Segment Open

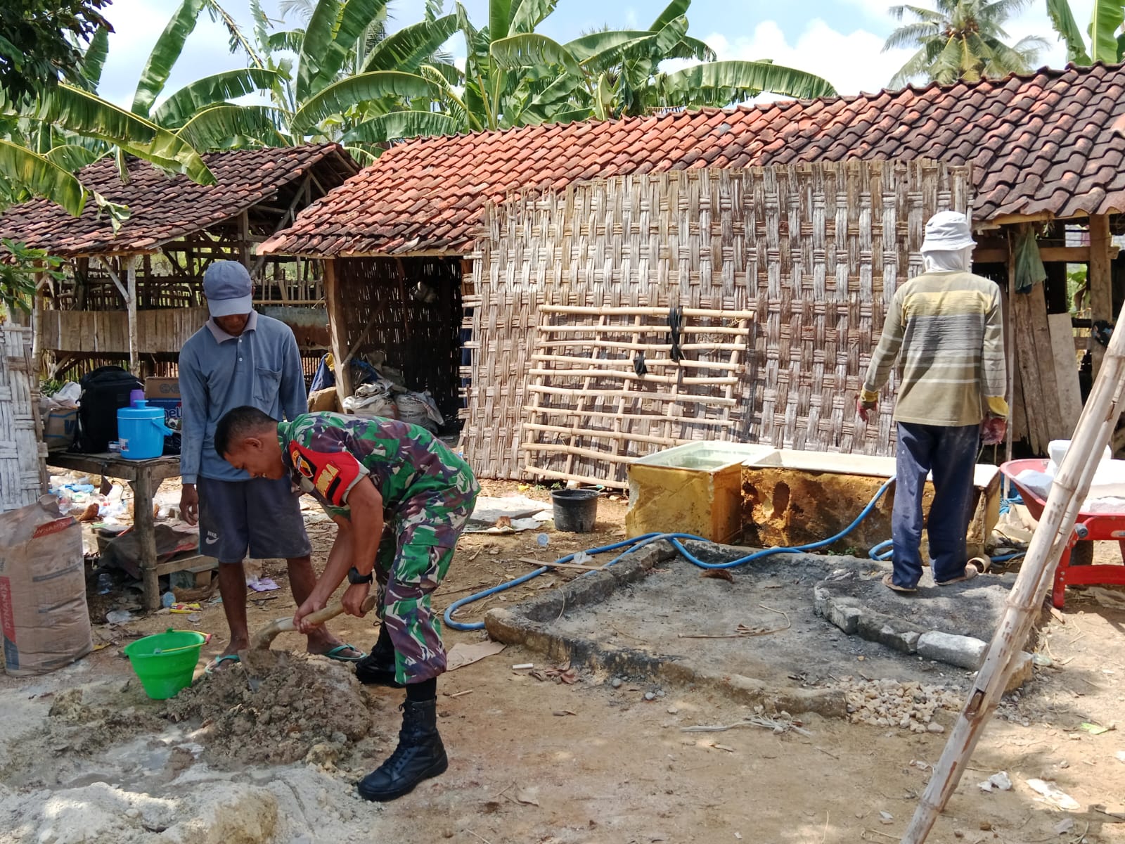 SUMENEP – Koptu Agus, Babinsa Koramil 0827/06 Saronggi, melaksanakan kegiatan Karya Bakti membantu pembangunan rumah milik warga binaannya di Desa Talang, Kecamatan Saronggi, Kabupaten Sumenep, Senin (23/6/2025).
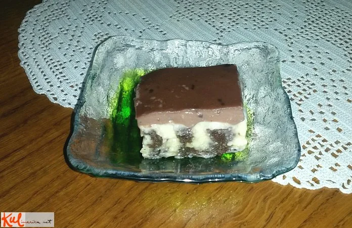 3. Skuhamo čokoladni puding, vmešamo maslo, ter previdno polijemo po strjenem vanilijevem pudingu.
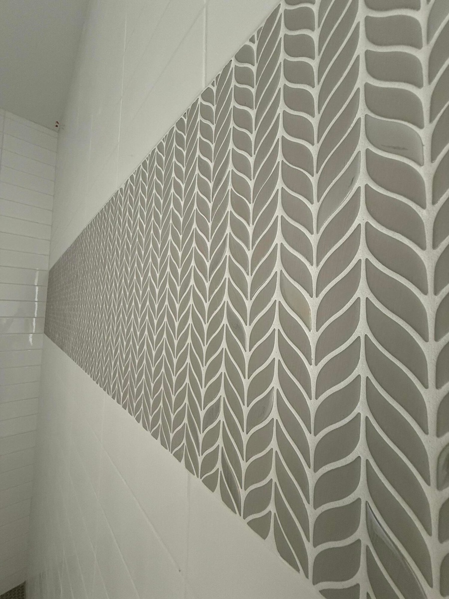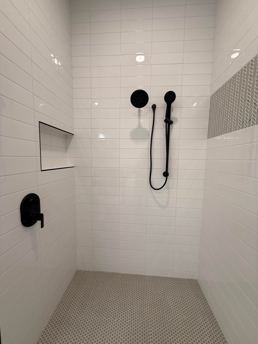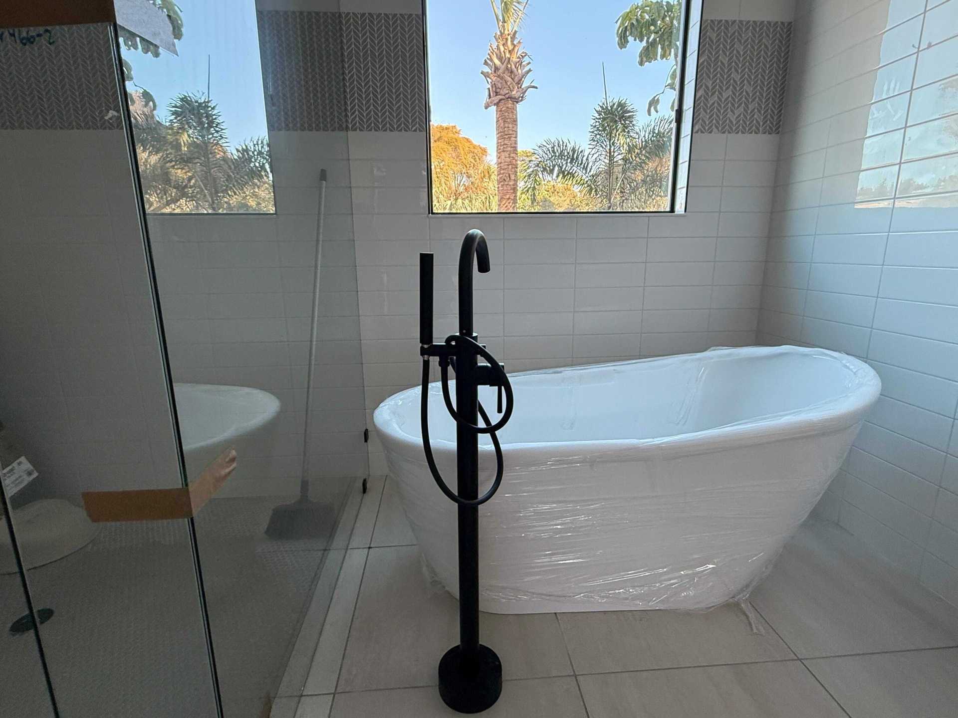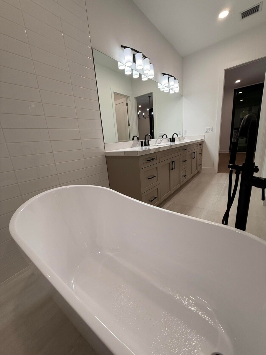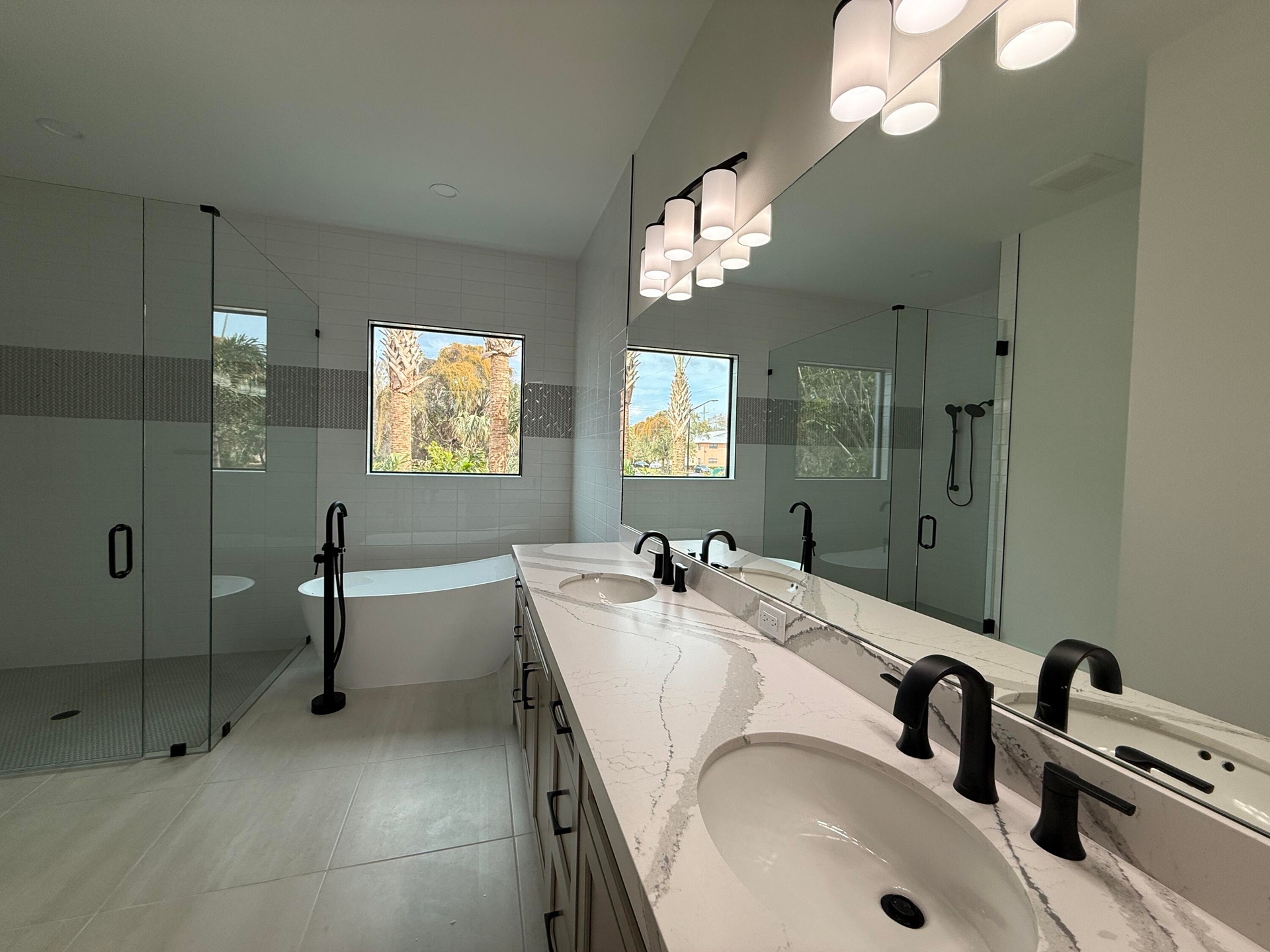 The luxurious master bathroom creates a private spa retreat with a freestanding soaking tub, separate shower, and stunning accent tile. The owners' bath has Cambria quartz countertops.
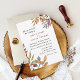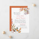 Convite de casamento elegante pintado à mão com folhagem de outono em tons de laranja, dourado e ferrugem.
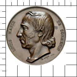 Cormenin (1788-1868) war Requetenmeister und Auditor beim Staatsrat. 1828 wurde er erstmals Mitglied der Abgeordnetenkammer. 1830 trat von seinen Ämtern zurück, um als Abgeordneter gegen die Regierung der Julimonarchie agieren zu können. Im Februar 1848 wurde Cormenin zum Mitglied und Präsidenten des Staatsrats ernannt. Dieses Amt gab er alsbald wieder auf, um nach seiner Wahl in die Nationalversammlung nicht in Konflikte zu geraten. Trotz seines Protestes gegen die Auflösung des Staatsrats durch Napoleon wurde er 1852 zum Mitglied des neuen kaiserlichen Staatsrats ernannt. Diese Medaillenrückseite wurde 1846 auch für eine Medaille auf Eugène Sue verwendet. Nach Collignon (1989) handelt es sich bei der Darstellung des Panthéon um die Ansicht des Gebäudes durch die Bäume des Jardin de Luxembourg.
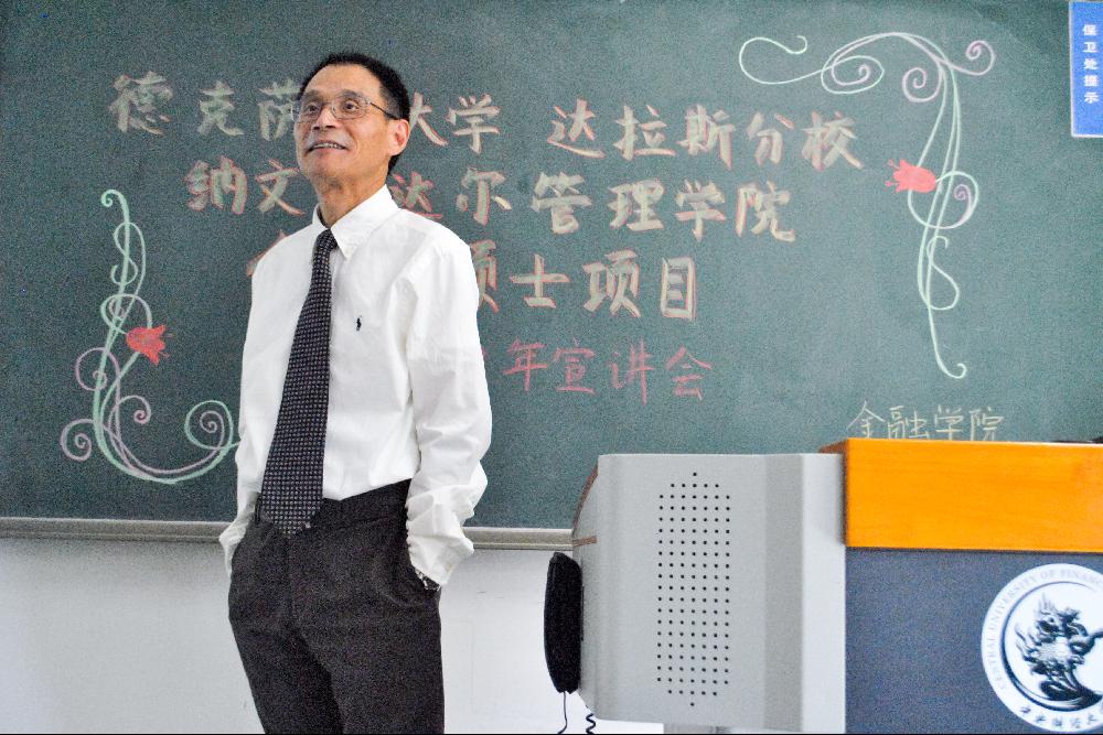 2018年10月11日下午,由开云kaiyun官网入口主办的德克萨斯大学达拉斯分校纳文金达尔管理学院金融硕士项目招生宣讲会在沙河校区东区主教学楼507成功举办。本次宣讲会为同学们提供了国际留学平台,并助力了我校国际化进程。德克萨斯大学达拉斯分校纳文金达尔管理学院金融硕士项目主任张慧冰(Harold Zhang)教授应邀到我校进行相关招生政策宣讲,开云kaiyun官网入口院长助理陈锐副教授和张莹老师出席了宣讲会。

Segment Closed

▸ **EXERCISE INSTRUCTIONS**
Your copy must match the records above word for word and contain no pictures.

▸ **OUTPUT BELOW**
 SUMENEP – Koptu Agus, Babinsa Koramil 0827/06 Saronggi, melaksanakan kegiatan Karya Bakti membantu pembangunan rumah milik warga binaannya di Desa Talang, Kecamatan Saronggi, Kabupaten Sumenep, Senin (23/6/2025).
 3. Skuhamo čokoladni puding, vmešamo maslo, ter previdno polijemo po strjenem vanilijevem pudingu.
 The luxurious master bathroom creates a private spa retreat with a freestanding soaking tub, separate shower, and stunning accent tile. The owners' bath has Cambria quartz countertops.
 Convite de casamento elegante pintado à mão com folhagem de outono em tons de laranja, dourado e ferrugem.
 Cormenin (1788-1868) war Requetenmeister und Auditor beim Staatsrat. 1828 wurde er erstmals Mitglied der Abgeordnetenkammer. 1830 trat von seinen Ämtern zurück, um als Abgeordneter gegen die Regierung der Julimonarchie agieren zu können. Im Februar 1848 wurde Cormenin zum Mitglied und Präsidenten des Staatsrats ernannt. Dieses Amt gab er alsbald wieder auf, um nach seiner Wahl in die Nationalversammlung nicht in Konflikte zu geraten. Trotz seines Protestes gegen die Auflösung des Staatsrats durch Napoleon wurde er 1852 zum Mitglied des neuen kaiserlichen Staatsrats ernannt. Diese Medaillenrückseite wurde 1846 auch für eine Medaille auf Eugène Sue verwendet. Nach Collignon (1989) handelt es sich bei der Darstellung des Panthéon um die Ansicht des Gebäudes durch die Bäume des Jardin de Luxembourg.
 2018年10月11日下午,由开云kaiyun官网入口主办的德克萨斯大学达拉斯分校纳文金达尔管理学院金融硕士项目招生宣讲会在沙河校区东区主教学楼507成功举办。本次宣讲会为同学们提供了国际留学平台,并助力了我校国际化进程。德克萨斯大学达拉斯分校纳文金达尔管理学院金融硕士项目主任张慧冰(Harold Zhang)教授应邀到我校进行相关招生政策宣讲,开云kaiyun官网入口院长助理陈锐副教授和张莹老师出席了宣讲会。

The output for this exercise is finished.